Give back exactly the lines of the material below, starting with the line with "谓辞令)曰命(谓裨谌草创之命)曰诰(谓康诰盘庚之属)曰会(谓胥命于蒲之命)" and going on through the line with "A closer look".

> Given information:
☆ ☆ ☆ ☆ ☆

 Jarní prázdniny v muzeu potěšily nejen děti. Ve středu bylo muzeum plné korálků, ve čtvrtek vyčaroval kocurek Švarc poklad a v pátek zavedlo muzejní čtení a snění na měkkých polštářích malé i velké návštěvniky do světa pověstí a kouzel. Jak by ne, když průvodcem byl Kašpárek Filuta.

☆ ☆ ☆ ☆ ☆

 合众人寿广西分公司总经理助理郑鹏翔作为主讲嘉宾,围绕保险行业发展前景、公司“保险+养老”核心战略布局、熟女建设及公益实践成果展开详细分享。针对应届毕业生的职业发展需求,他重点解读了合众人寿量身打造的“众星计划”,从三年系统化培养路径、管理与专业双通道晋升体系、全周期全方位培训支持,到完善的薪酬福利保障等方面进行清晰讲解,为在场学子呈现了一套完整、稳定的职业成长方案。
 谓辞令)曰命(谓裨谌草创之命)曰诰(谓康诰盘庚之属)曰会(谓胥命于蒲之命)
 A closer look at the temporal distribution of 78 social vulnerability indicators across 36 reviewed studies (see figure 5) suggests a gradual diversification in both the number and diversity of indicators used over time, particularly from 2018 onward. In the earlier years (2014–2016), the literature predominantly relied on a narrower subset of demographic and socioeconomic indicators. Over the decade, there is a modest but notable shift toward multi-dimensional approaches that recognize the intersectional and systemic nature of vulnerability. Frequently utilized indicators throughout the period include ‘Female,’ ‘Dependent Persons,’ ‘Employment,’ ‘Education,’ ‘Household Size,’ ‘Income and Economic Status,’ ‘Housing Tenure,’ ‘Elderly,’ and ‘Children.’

☆ ☆ ☆ ☆ ☆

> Result of this task:
 谓辞令)曰命(谓裨谌草创之命)曰诰(谓康诰盘庚之属)曰会(谓胥命于蒲之命)
 A closer look at the temporal distribution of 78 social vulnerability indicators across 36 reviewed studies (see figure 5) suggests a gradual diversification in both the number and diversity of indicators used over time, particularly from 2018 onward. In the earlier years (2014–2016), the literature predominantly relied on a narrower subset of demographic and socioeconomic indicators. Over the decade, there is a modest but notable shift toward multi-dimensional approaches that recognize the intersectional and systemic nature of vulnerability. Frequently utilized indicators throughout the period include ‘Female,’ ‘Dependent Persons,’ ‘Employment,’ ‘Education,’ ‘Household Size,’ ‘Income and Economic Status,’ ‘Housing Tenure,’ ‘Elderly,’ and ‘Children.’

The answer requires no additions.